Accadde il Natale. Accade, ogni anno, nella nostra memoria. Accade ogni attimo, qui ed ora, che Dio si incarni e venga a spartire la sua umanità con noi, uno di noi. Che però il suo rinascere bambino in carne ed ossa avvenga in un presepe, nella sua mangiatoia, è più che un segno. 

Anche a New York, tra i festoni e gli scintillii che apparecchiano le prossime feste, si preparano presepi nelle chiese. La luce, il calore della tradizione, sono antidoto allo sconforto e alla paura, all’impotenza davanti ai tanti mali che ci stringono il cuore. Chiesa del Santo Bambino, nel Queen. Un’anima pia ha appena finito di montare il presepe, bello grande, quasi a statura umana. Chissà che spettacolo, i bambini. Sotto Natale vengono in chiesa più volentieri, altro che Disneyland. Ramazza e paletta, il presepaio si mette a ripulire da aghi di pino e ghiaietta, prima di chiudere la chiesa. Un pianto, di bimbo. Allucinazioni, ha pensato. Si ripete. Sarà un fedele col bimbo in collo, si dice. Poi segue l’eco di quel lamento, che lo porta alla mangiatoia di legno che ha messo insieme con colla e chiodi, e pazienza. Proprio lì c’è un bambino, avvolto in un panno, che è un asciugamano, non ha occhi e braccione spalancate al mondo, ma si agita abbastanza, sta bene, come tutti i bambini, chiede, e quindi piange. Perché non ha accanto a sé la Madonna col velo azzurro e lo sguardo amorevole dolcissimo. Né il papà che con sicurezza fa la guardia al suo fianco. Non ce n’è bisogno per la temperatura, ma non ha neppure un asinello e un bue. 

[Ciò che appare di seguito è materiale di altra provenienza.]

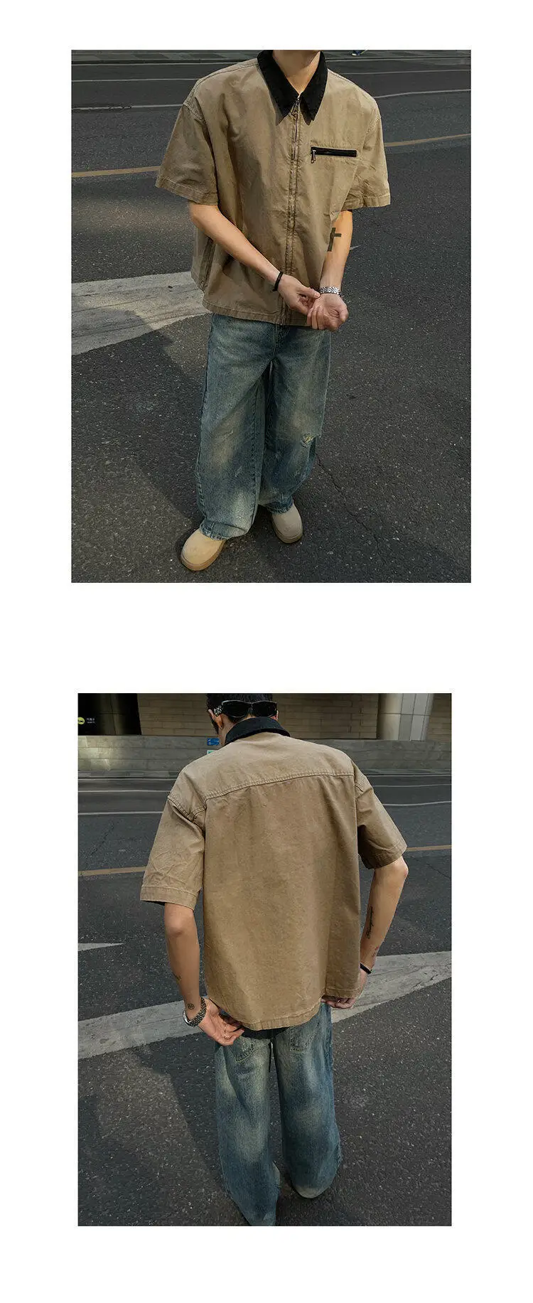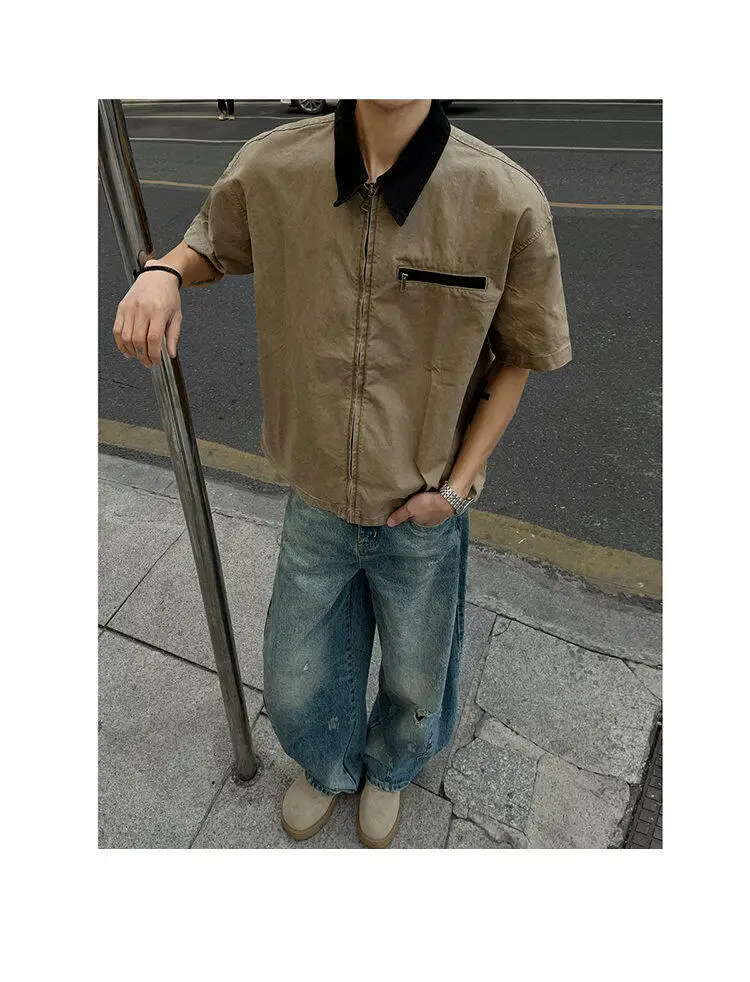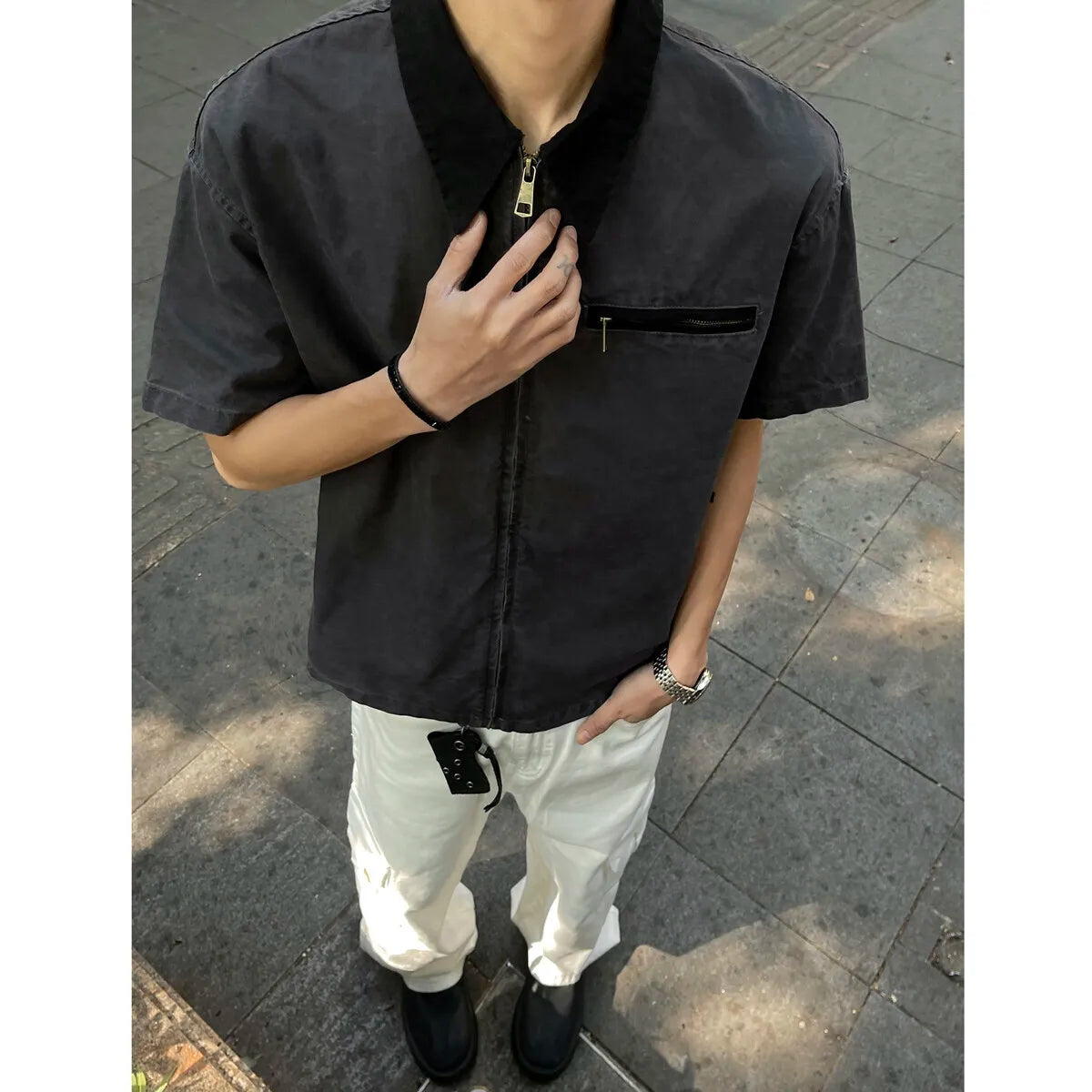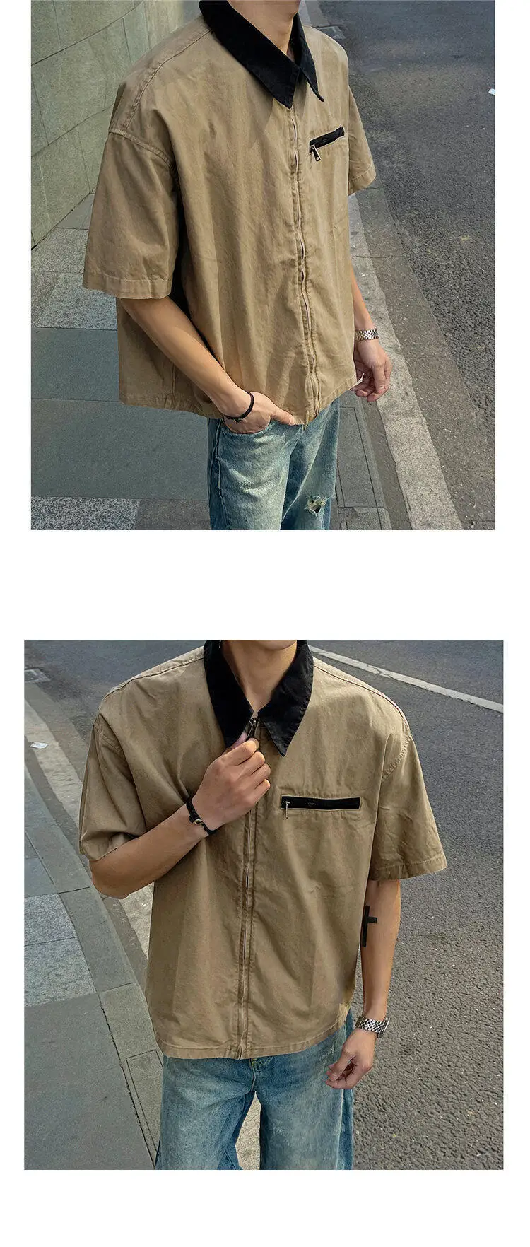 New Stylish Men's Shirt Short Sleeve Lapel Patchwork Collar Male Zipper Shirts Washed Summer Men Clothing Loose Fit

E’ solo, abbandonato. E subito il nostro presepaio ha un moto di gioia: benedetta quella mamma, povera donna, che l’ha lasciato lì, perché qualcuno lo trovasse, lo aiutasse. Guarda meglio e vede il cordone ombelicale ancora intatto. Ecco Gesù, ecco un bambino nato per noi. Ecco un miracolo, ha commentato il vescovo, trepido per la notizia. Negli Usa è consentito alle madri che non possono o non vogliono tenere un figlio lasciarlo alle cure di un ospedale, delle forze di sicurezza, di una chiesa. Devono però avvisare, far sapere, perché il bambino venga trovato e non abbia a patire un’attesa pericolosa. In questo caso, la mamma di Gesù Bambino, inquadrata dalle telecamere di sicurezza, è entrata con un fagotto in braccio, e ne è uscita senza. Ah, poco prima l’avevano ripresa mentre entrava in un negozio di biancheria. 



Potrebbe essere incriminata, non risulta abbia fatto telefonate in parrocchia. Ma nessuno sporgerà denuncia contro di lei. Solo, intristisce che sia dovuta scappare, come una colpevole, con lo strazio dentro, e per chissà che motivo. Si vorrebbe trovarla per chiederle se ha bisogno, e di cosa, e farle compagnia, e permetterle di tenerlo, quel bambino. Certo voluto, amato, perché poteva non esserlo. Certo lasciato con dolore, ma con la certezza che lì, nel presepe, in quella chiesa, con quel santo nome, non sarebbe andato perduto. Un figlio ci è stato donato. Basta aprire gli occhi, perché tutti i giorni sia Natale.